Wednesday, July 29, 2009

Comic Con Trailer for Tron: Legacy

Let's be clear here, I fuckin' love Tron, but when I heard that it was going to be called TR2N, all my hopes were dashed.

Then, little things began to occur that gradually restored my hopes. First, they got Bruce Boxleitner. As I said in my earlier post, he was muthafuckin' Tron, bitches. I also mentioned that if they got Jeff Bridges to reprise his role, that would sell me.

Well, they got Jeff Bridges. And Bridges is kickass. Take a look at this scene from 8 Million Ways to Die. That is one scary performance in a very cool flick.

Then they got Daft Punk to do the music. Is there anyone more qualified to do the music for a Tron sequel than Daft Punk? Kraftwerk, maybe, but that's about it.

Then they released this trailer at the San Diego Comic Con:

Are you fucking kidding me? 2010? That is way too long to wait for a movie that looks this cool.

Go Team Venture!

So, I'm working my way through the three seasons of The Venture Brothers, and I am loving it! This is one of the funniest shows on TV right now, animated or otherwise. Of course, it helps to have a slightly twisted totally nerdy sense of humour, but if you do, this is gold, Jerry, gold.

Below you'll find a clip from YouTube of the "best" of season 2. Personally, I would have chosen some different moments, but these are still chocked to the gills with awesome.

And here's some quotes I love, courtesy of wikiquote, of course:

Brock: You could've told me Sasquatch was a dude...
Steve Summers: Eh? What, you couldn't tell?
Brock: Not until I had to.. (shudder) ...shave him.
Summers: What are you, shy? Sasquatch doesn't have anything you haven't seen before.
Brock: Sasquatch IS something I haven't seen before!

Hank: Dean, that's great and I can't wait to hear all about it, only Brock's stuck inside Dad's thing that makes people happy. But it's all evil.
Dean: I dare you to make less sense.

Pirate 1: We need that key that starts your boat Mr. Big Stuff. Lets have it.
Brock: It's up my ass!
Pirate 2: Are you serious?
Brock: Why don't you check?
Pirate 2: (looks at his partner) Well? Check.
Pirate 1: What if he's lying?
Pirate 2: If he were telling the truth, that would be better?

Henchman 24: Come on! They have one female servicing a large group of males. That implies a species that lays eggs.
Henchman 21: Oh my God, you're crazy!
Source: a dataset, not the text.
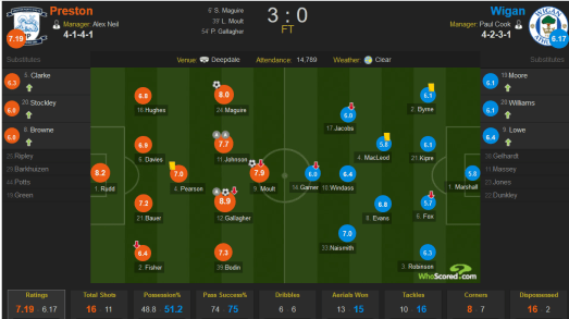 It was reported that this week Paul Cook had his players watch a video of the 4-0 drubbing received at Preston in early October last season. One would have hoped it would have had the desired effect. But it didn’t: the result was marginally better, but the performance was actually worse. PNE were far superior in all aspects and Wigan never looked as if they were in the game.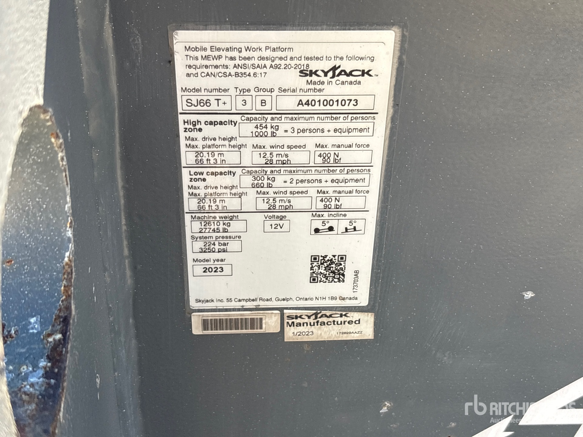 66 ft Max Platform Height, 1000 lb Max Weight Capacity, Jib, 2022 US EPA Label, Deutz 4 Cylinder 55.4 kW 2.9 L Diesel Engine, 385/65D19.5 Tires

They're so obviously mammals!
Henchman 24: Please! She'd be in estrus 24/7 if she didn't lay eggs.
Henchman 21: Smurfs don't lay eggs! I won't tell you this again! Papa Smurf has a fucking beard! They're mammals!

Dr. Girlfriend: Sweetie, isn't that the guy from Depeche Mode?
The Monarch: Oh no, wait, where? Holy crap, he's with a girl!
Dr. Girlfriend: Oh yeah, that guy is totally straight. I saw a whole thing about him on the VH1.
The Monarch: But he's the guy from Depeche Mode. That's impossible!
Dr. Girlfriend: Straight!
The Monarch: Come on! He's in Depeche Mode!

Thursday, July 23, 2009

Blast From the Past - Cleese and Muppets

Here's an awesome little clip I stumbled across featuring John Cleese and the Muppets. Nice to see Cleese doesn't mitigate his mastery of comedic rage for adorable co-stars made out of felt.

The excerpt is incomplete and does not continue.